→ TASK DIRECTIONS: Please repeat the whole listing exactly, but leave out any picture it holds.

==== DATASET EXCERPT ====

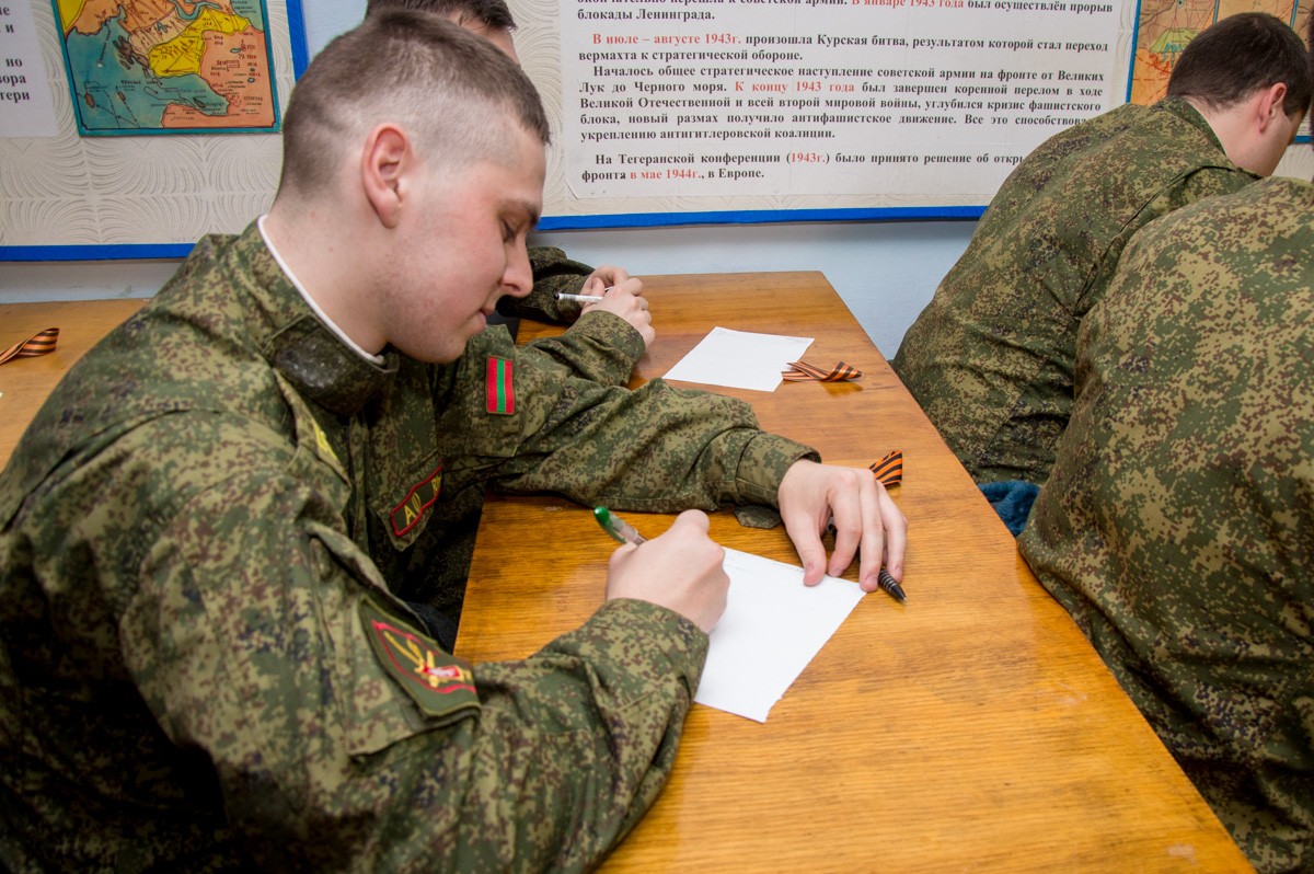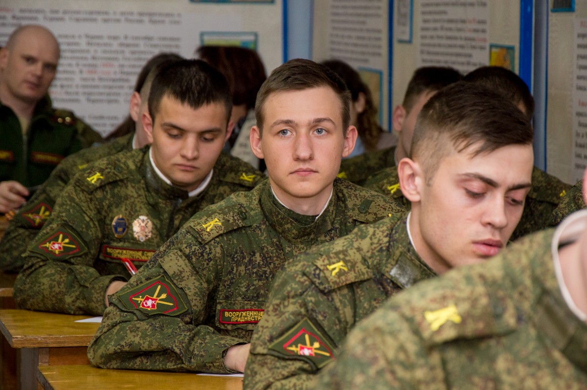 В стенах Военного института Министерства обороны ПМР была организована встреча общественных активистов и курсантов учебного заведения. Открылось мероприятие с вручения георгиевских лент, затем в ходе беседы участниками обсуждались главные принципы патриотического воспитания. Курсанты также прошли тест, определяющий уровень патриотизма.
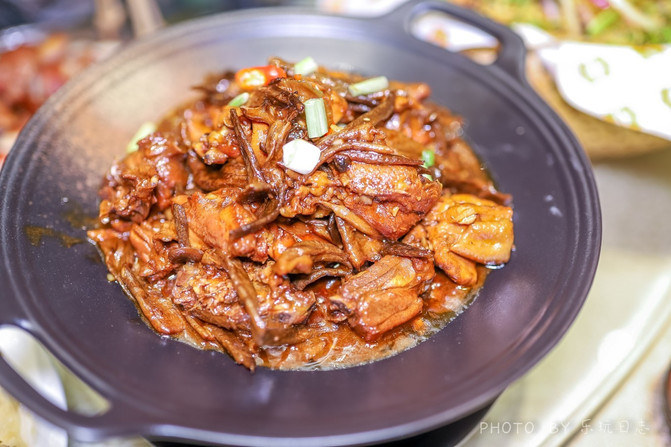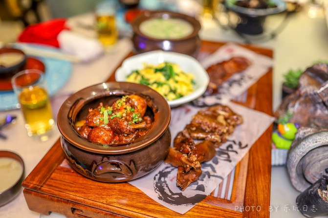 香宫铁锅炖晚宴是很有仪式感的这道菜,首先,菜肴是现场烹制的,食材由两名师傅抬进来的,进包厢前,会敲响旁边的铜锣。
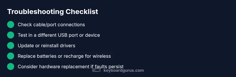 When a keyboard suddenly stops, it's natural to panic, especially if you rely on it for typing tasks. According to Keyboard Gurus, many failures start with simple, fixable causes rather than a dead keyboard. The Keyboard Gurus team found that the most common failure modes are (a) connection issues, (b) power problems, and (c) driver or software glitches. In practice, these issues present in predictable ways: some keys respond intermittently, the entire keyboard is silent, or lighting (if present) behaves abnormally. Understanding these patterns helps you triage quickly. A key signal is whether the issue happens on one device or across multiple devices—if it’s universal, the problem is likely hardware or a fundamental driver conflict rather than a single-machine setting. As you work through the troubleshooting steps, stay mindful of safety and avoid forceful actions that could cause further damage. The Keyboard Gurus analysis shows that most people resolve the problem by targeting simple causes first and reserving hardware replacement for when software fixes fail.

====

→ EXERCISE OUTPUT:
 В стенах Военного института Министерства обороны ПМР была организована встреча общественных активистов и курсантов учебного заведения. Открылось мероприятие с вручения георгиевских лент, затем в ходе беседы участниками обсуждались главные принципы патриотического воспитания. Курсанты также прошли тест, определяющий уровень патриотизма.
 香宫铁锅炖晚宴是很有仪式感的这道菜,首先,菜肴是现场烹制的,食材由两名师傅抬进来的,进包厢前,会敲响旁边的铜锣。
 When a keyboard suddenly stops, it's natural to panic, especially if you rely on it for typing tasks. According to Keyboard Gurus, many failures start with simple, fixable causes rather than a dead keyboard. The Keyboard Gurus team found that the most common failure modes are (a) connection issues, (b) power problems, and (c) driver or software glitches. In practice, these issues present in predictable ways: some keys respond intermittently, the entire keyboard is silent, or lighting (if present) behaves abnormally. Understanding these patterns helps you triage quickly. A key signal is whether the issue happens on one device or across multiple devices—if it’s universal, the problem is likely hardware or a fundamental driver conflict rather than a single-machine setting. As you work through the troubleshooting steps, stay mindful of safety and avoid forceful actions that could cause further damage. The Keyboard Gurus analysis shows that most people resolve the problem by targeting simple causes first and reserving hardware replacement for when software fixes fail.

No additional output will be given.